Selon l’ONG, plus de 800 agents travailleraient dans ce secteur au Liban, en dehors de tout contrôle.
À bout, les jeunes immigrées choisissent parfois de s’enfuir du domicile de leur employeur, quitte à se retrouver dans la rue et à vivre dans l’illégalité et la peur du contrôle de police.
D’autres optent pour une solution plus tragique, le suicide.
Au mois d’avril, trois employées de maison se sont donné la mort. En 2008, Human Rights Watch avait établi qu’au moins une employée domestique décédait chaque semaine au pays du Cèdre. Depuis le début de l’année, This is Lebanon comptabilise déjà sept morts violentes d’employées éthiopiennes (suicides, chutes en tentant de s’enfuir ou accidents, parfois quand elles nettoient les vitres depuis des étages élevés – le problème étant que les enquêtes sont très difficiles et souvent opaques).
Des mesures pour mettre fin à « l’esclavage moderne »
Face à ce fléau qui ternit aussi l’image du pays, les autorités tentent, sous la pression des ONG et de certains pays pourvoyeurs de main-d’œuvre, d’améliorer un système qui s’apparente à de l’esclavage moderne.
Ces dernières années, l’Éthiopie et les Philippines ont interdit à leurs ressortissants de travailler comme domestiques au Liban, mais via des circuits parallèles, certains trouvent toujours le moyen de s’y rendre.
En 2009, le ministère libanais du Travail a introduit un contrat type pour les employées domestiques, fixant à dix heures la journée de travail et obligeant l’employeur à fournir une journée de repos hebdomadaire. Des limites souvent ignorées par ces derniers. Quant aux domestiques, la plupart ne connaissent pas leurs droits, le contrat étant écrit en arabe, une langue qu’elles ne peuvent pas lire.
Les poursuites judiciaires pour maltraitances, viols et abus sont par ailleurs inexistantes, le système de la kafala limitant la capacité des employées à accéder à la justice, comme le souligne le rapport d’Amnesty International.
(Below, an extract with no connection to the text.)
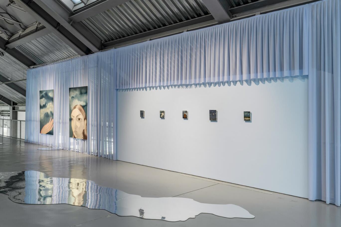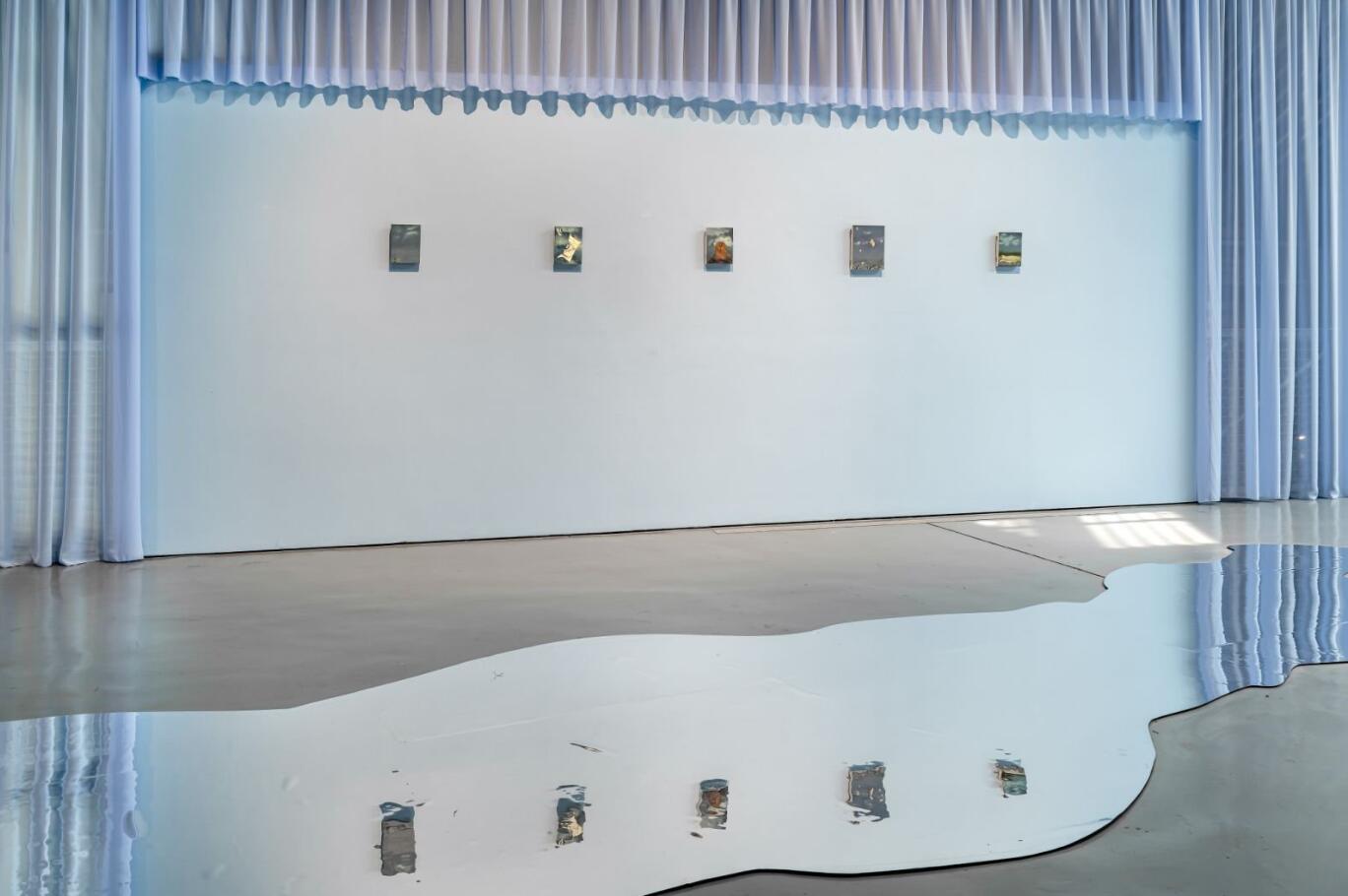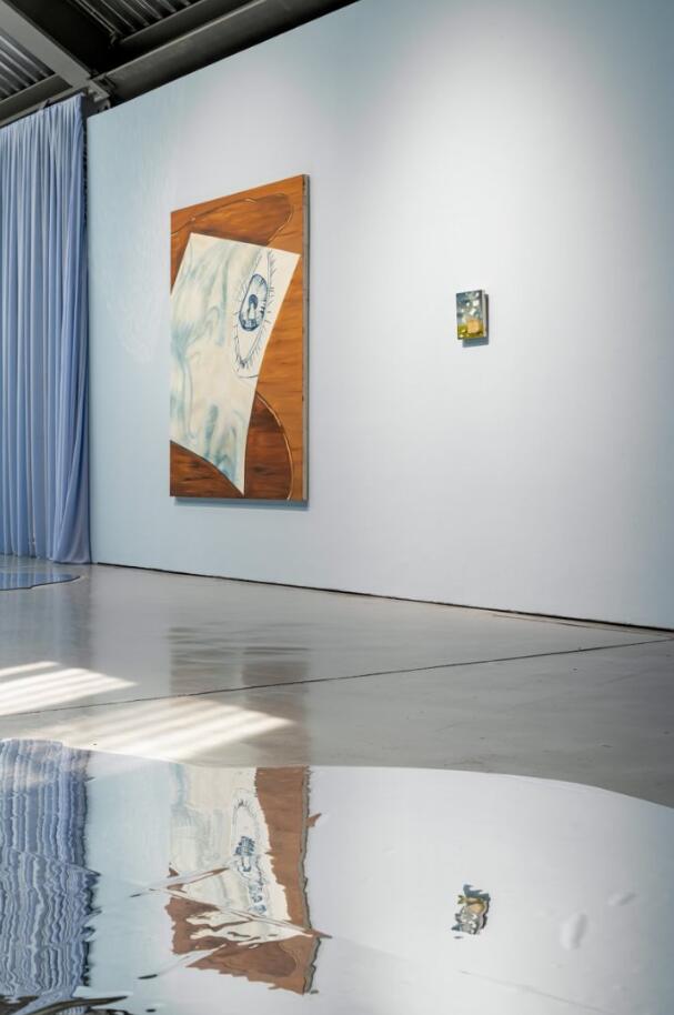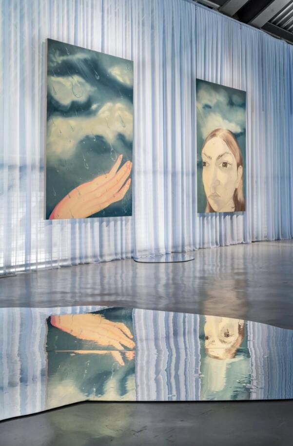 艺术家通过绘画将沉浸于水与风的感知具象化,并将这种体验延伸至展览空间。在展陈建构上,她构建了一个映射风、水、云等自然元素的场域装置:地面铺设有机形态的镜面箔片,隐喻雨后积水;画作周围垂坠的半透明蓝灰色薄纱帘,则唤起绵密雨幕的视觉记忆。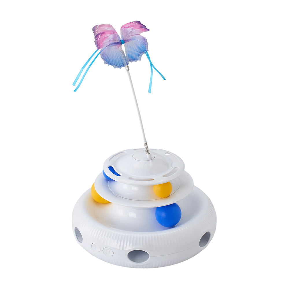 Ignite the natural curiosity of your cat with our 3-in-1 interactive toy! Offering feather, butterfly, and ball modes, it keeps playtime exciting and varied. A quiet motor ensures smooth operation, without startling your pet or disturbing your home. It is incredibly easy to use with two user-friendly buttons, perfect for everyone. Designed with smooth and rounded edges, it is safe for your cat and your furniture. This toy encourages independent play, keeping your feline friend active and engaged, transforming alone time into a fun and enriching adventure.

Le nouveau ministre du Travail, Camille Abousleiman, semble vouloir changer cet état de fait. Dans une interview accordée à The Independent, il a martelé son intention de changer le système. « C’est une forme d’esclavage moderne, à l’extrême. Ce n’est pas acceptable au XXIe siècle ».
Estimant que ce ne sont pas les lois mais leur application qui sont en cause, le ministre a demandé aux ONG de lui faire des recommandations pratiques sur les changements à opérer. Une hotline 24/7 devrait ainsi être mise en place pour permettre aux travailleurs de signaler tous les cas d’abus et un groupe de travail a été créé pour tenter de résoudre le problème des suicides.
Camille Abousleiman prévoit aussi de s’attaquer aux agences de placement qui enfreignent les règles. « Je vais avoir de la résistance mais je m’en fiche, je veux faire ce qui est bien. Ils doivent être informés des droits de leurs travailleurs », a-t-il déclaré.
De leur côté, les ONG espèrent une abolition complète de la kafala. « Si vous êtes enfermé dans une maison avec un patron abusif qui contrôle votre statut juridique, cela conduit au désespoir. Si un travailleur peut changer d’employeur quand il le souhaite, le taux de suicide diminuera du jour au lendemain », estime Angela.
* Les noms de famille des personnes citées ne sont pas précisés à leur demande.